Start of Working data
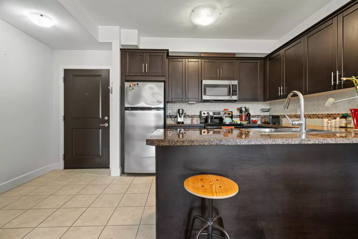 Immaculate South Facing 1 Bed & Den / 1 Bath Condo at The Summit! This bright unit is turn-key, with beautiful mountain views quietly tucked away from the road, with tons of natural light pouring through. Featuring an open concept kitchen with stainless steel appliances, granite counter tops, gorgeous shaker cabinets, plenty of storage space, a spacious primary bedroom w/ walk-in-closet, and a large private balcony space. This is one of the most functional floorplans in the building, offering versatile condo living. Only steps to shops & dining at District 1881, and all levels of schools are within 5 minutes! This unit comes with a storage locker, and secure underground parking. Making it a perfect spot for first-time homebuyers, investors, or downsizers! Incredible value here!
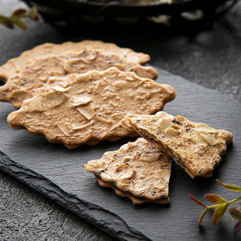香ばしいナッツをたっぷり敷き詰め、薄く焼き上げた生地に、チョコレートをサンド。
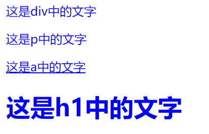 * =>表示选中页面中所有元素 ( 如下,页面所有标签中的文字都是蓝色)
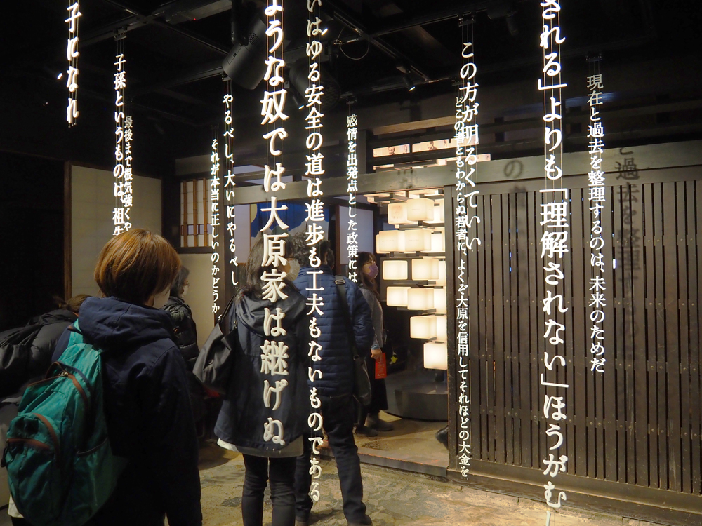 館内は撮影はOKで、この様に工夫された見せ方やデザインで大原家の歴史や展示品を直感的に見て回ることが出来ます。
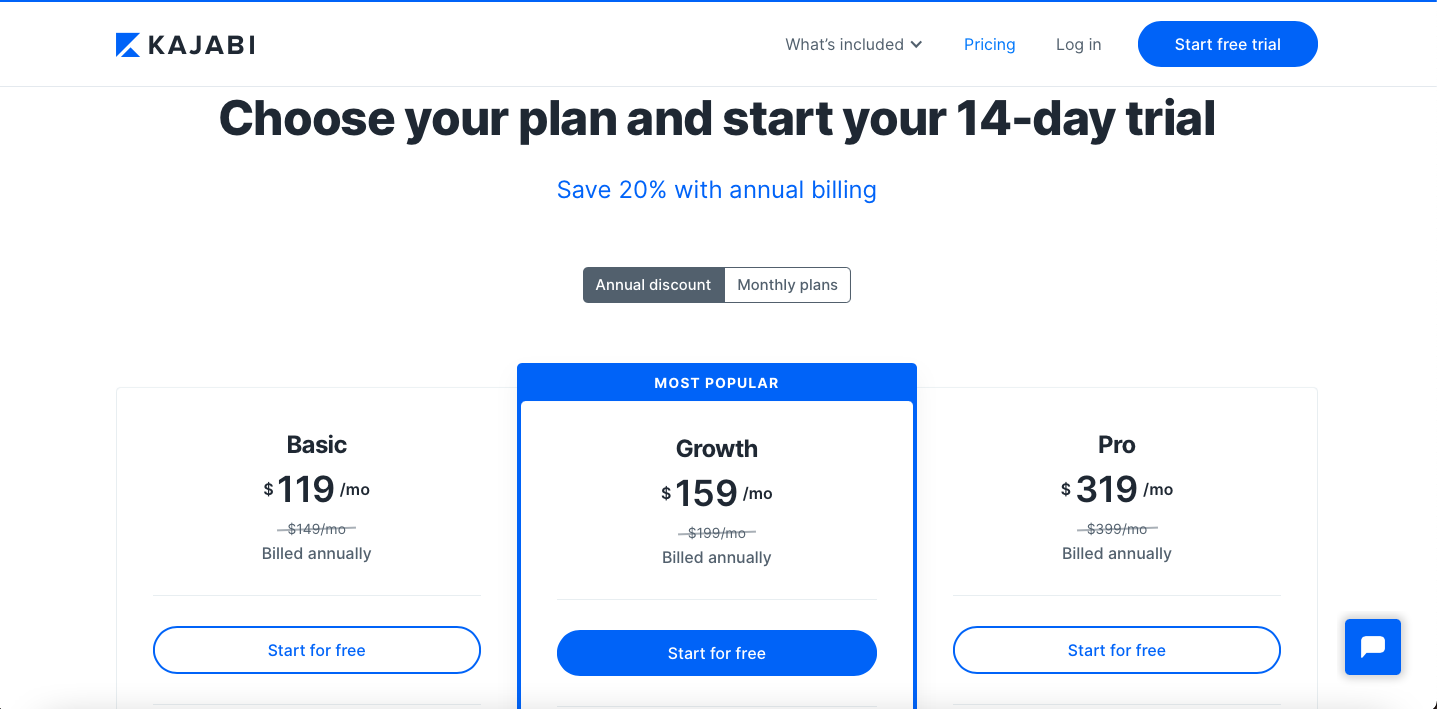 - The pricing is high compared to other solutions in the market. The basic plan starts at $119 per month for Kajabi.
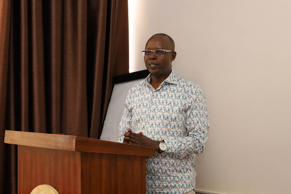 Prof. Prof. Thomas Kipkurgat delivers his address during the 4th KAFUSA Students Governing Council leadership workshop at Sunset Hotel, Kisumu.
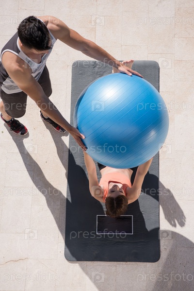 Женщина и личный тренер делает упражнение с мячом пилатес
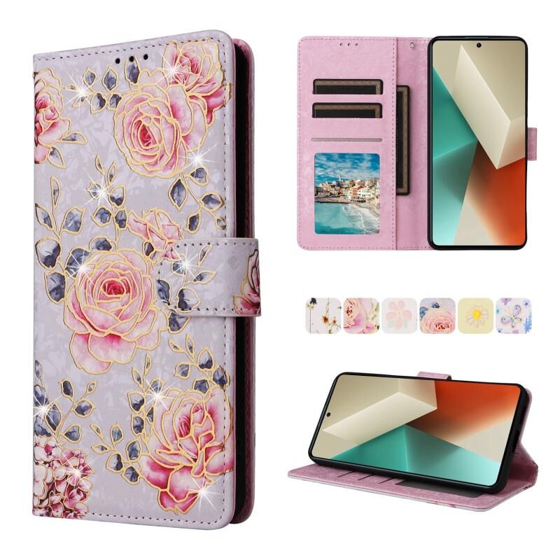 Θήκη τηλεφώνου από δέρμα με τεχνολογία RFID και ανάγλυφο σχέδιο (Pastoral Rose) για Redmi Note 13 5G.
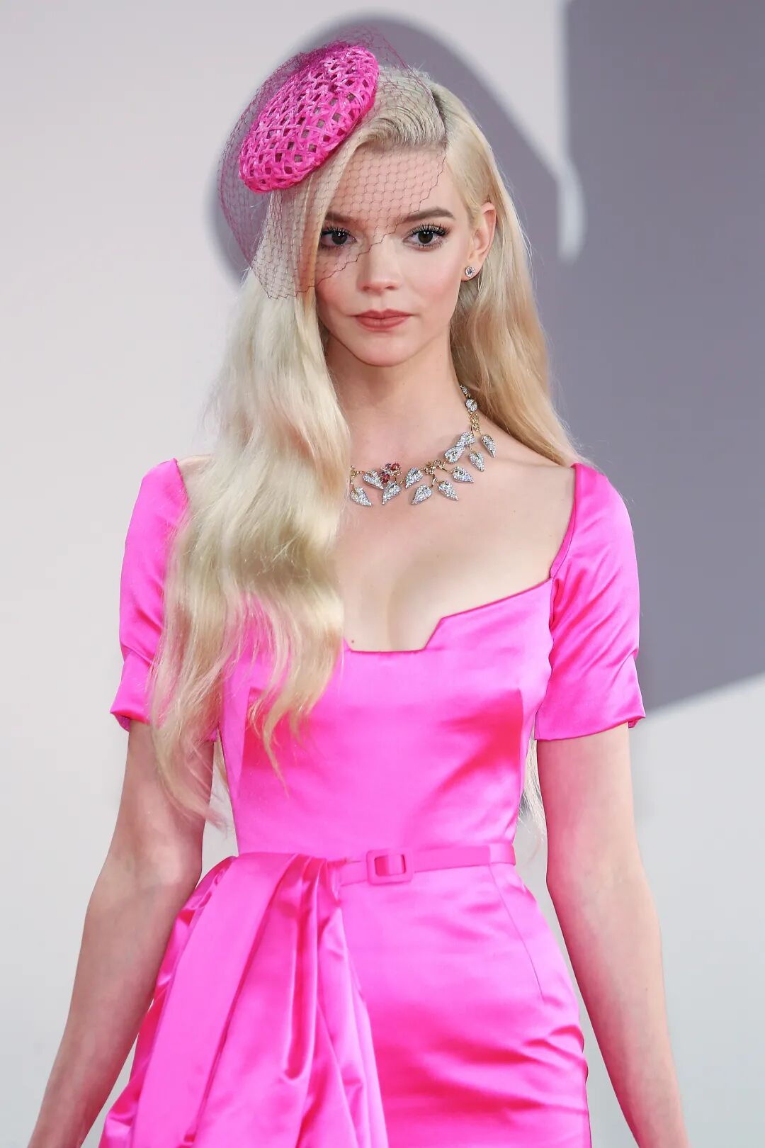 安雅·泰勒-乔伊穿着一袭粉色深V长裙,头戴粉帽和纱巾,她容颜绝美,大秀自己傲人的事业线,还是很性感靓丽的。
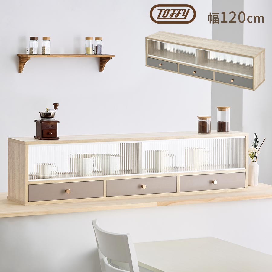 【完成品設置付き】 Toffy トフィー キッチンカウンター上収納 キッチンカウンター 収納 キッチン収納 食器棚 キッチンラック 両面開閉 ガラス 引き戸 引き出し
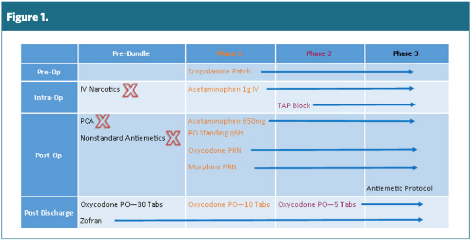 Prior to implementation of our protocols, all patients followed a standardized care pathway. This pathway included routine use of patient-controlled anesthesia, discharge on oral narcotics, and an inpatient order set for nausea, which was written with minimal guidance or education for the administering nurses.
End of Working data
Which part of the entries opens with the line containing "- The pricing" and closes with the line containing "ガラス 引き戸 引き出し"? Output that part exactly, ends included, pictures excluded.

 - The pricing is high compared to other solutions in the market. The basic plan starts at $119 per month for Kajabi.
 Prof. Prof. Thomas Kipkurgat delivers his address during the 4th KAFUSA Students Governing Council leadership workshop at Sunset Hotel, Kisumu.
 Женщина и личный тренер делает упражнение с мячом пилатес
 Θήκη τηλεφώνου από δέρμα με τεχνολογία RFID και ανάγλυφο σχέδιο (Pastoral Rose) για Redmi Note 13 5G.
 安雅·泰勒-乔伊穿着一袭粉色深V长裙,头戴粉帽和纱巾,她容颜绝美,大秀自己傲人的事业线,还是很性感靓丽的。
 【完成品設置付き】 Toffy トフィー キッチンカウンター上収納 キッチンカウンター 収納 キッチン収納 食器棚 キッチンラック 両面開閉 ガラス 引き戸 引き出し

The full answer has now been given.